The assessee is involved in the business of trading livestock such as old buffaloes, bulls, jhota, and unused milkless animals. He filed his income tax return on July 25, 2012, declaring an income of Rs. 4,99,507.
Later, the Income Tax Department reopened the case by issuing a notice under Section 148 on March 28, 2019. After reassessment under Sections 143(3) and 147, the Assessing Officer increased the income to Rs. 38,56,085.
This was done by applying a 2% net profit rate on the total turnover of Rs. 19,53,03,238, instead of the 0.28% shown by the assessee. As a result, AO made an addition of Rs. 33,56,558.
The assessee challenged this order before the CIT(A). However, the CIT(A) confirmed the addition made by the Assessing Officer.
Being aggrieved by the decision of CIT(A), the assessee further approached the tribunal. During the hearing, the AR of the assessee argued that the case was reopened only because the net profit shown, 0.28%, was lower than in the comparative cases, 2%. Merely showing a low profit is not a valid reason for reopening assessment. AR also pointed out that in the assessee’s own case for AY 2014-15, a similar addition was already deleted by the ITAT in 2024.

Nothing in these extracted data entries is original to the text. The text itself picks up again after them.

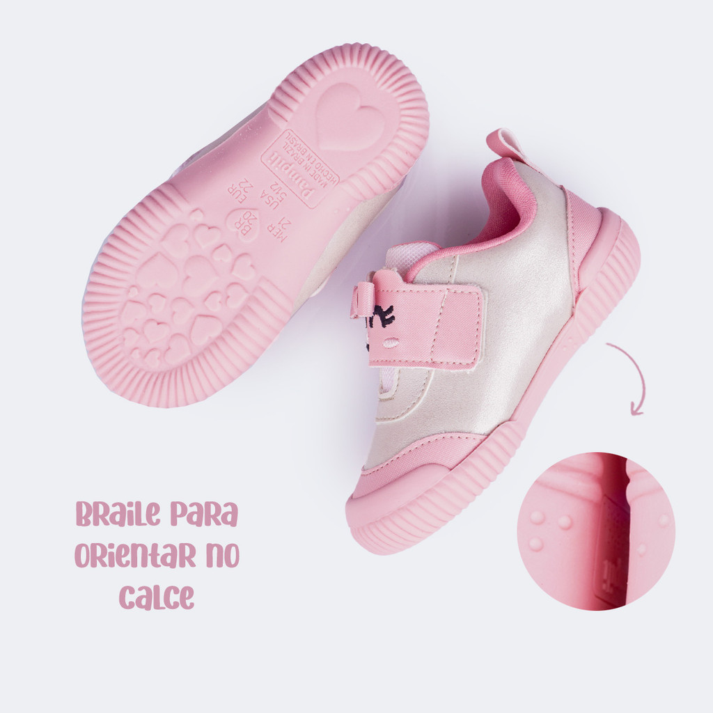 Fofura e Conforto em Cada Passinho!Perfeito para encantar as pequenas, esse tênis traz um design lúdico e cheio de delicadeza. O grande destaque fica por conta do bordado de ursinha, acompanhado de orelhinhas em relevo e um laço fixo, que adicionam um toque especial e divertido ao modelo. O fechamento único em fecho de contato frontal, proporciona mais autonomia para as pequenas, tornando o calce prático e seguro. Feito em material sintético de fácil limpeza, esse tênis é ideal para o dia a dia, garantindo durabilidade e praticidade para acompanhar todas as aventuras. O solado texturizado antiderrapante oferece mais segurança e aderência, permitindo que as meninas caminhem com firmeza e estabilidade.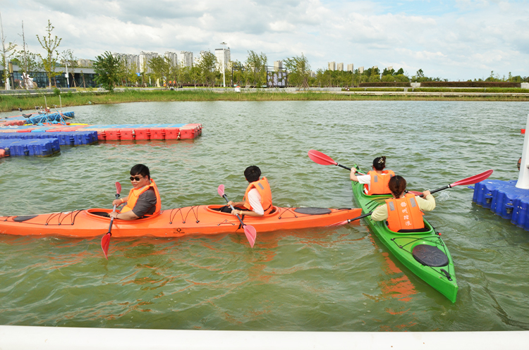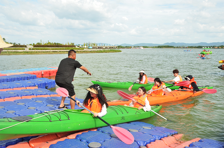 在教练的指导下,小伙伴们拿起桨板,坐到皮划艇里下水练习。起初,因为广阔的湖面和生疏的操作技巧,不少人都很紧张。但随着时间的推移,大家逐渐掌握了划行节奏,开始享受起这份乐趣。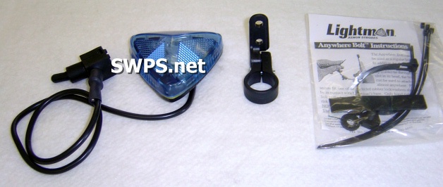 Lightman Strobe is attached to a corded remote switch for easy on/off. Ideal for bike patrols, providing instant visibility without having to reach back or dismount to activate.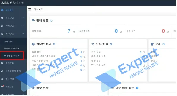 [정산 관리] - [부가세 신고 내역]

On the other hand, DR supported the orders passed by the lower authorities and requested that the addition be upheld.
After hearing both sides, the tribunal observed that low net profit alone cannot be treated as proof of income escaping assessment. There was no live nexus between the material available and the reason for reopening. Therefore, the reopening was not legally valid.
Tribunal added that the CIT(A) had relied on the decision for AY 2014-15. But later, the ITAT had deleted the addition in that year. So, the basis of the CIT(A)’s decision was no longer valid.
Tribunal stated that the reasons recorded for reopening the assessment are not valid and sustainable in law. As a result, the tribunal quashed the reassessment notice and allowed the appeal of the assessee.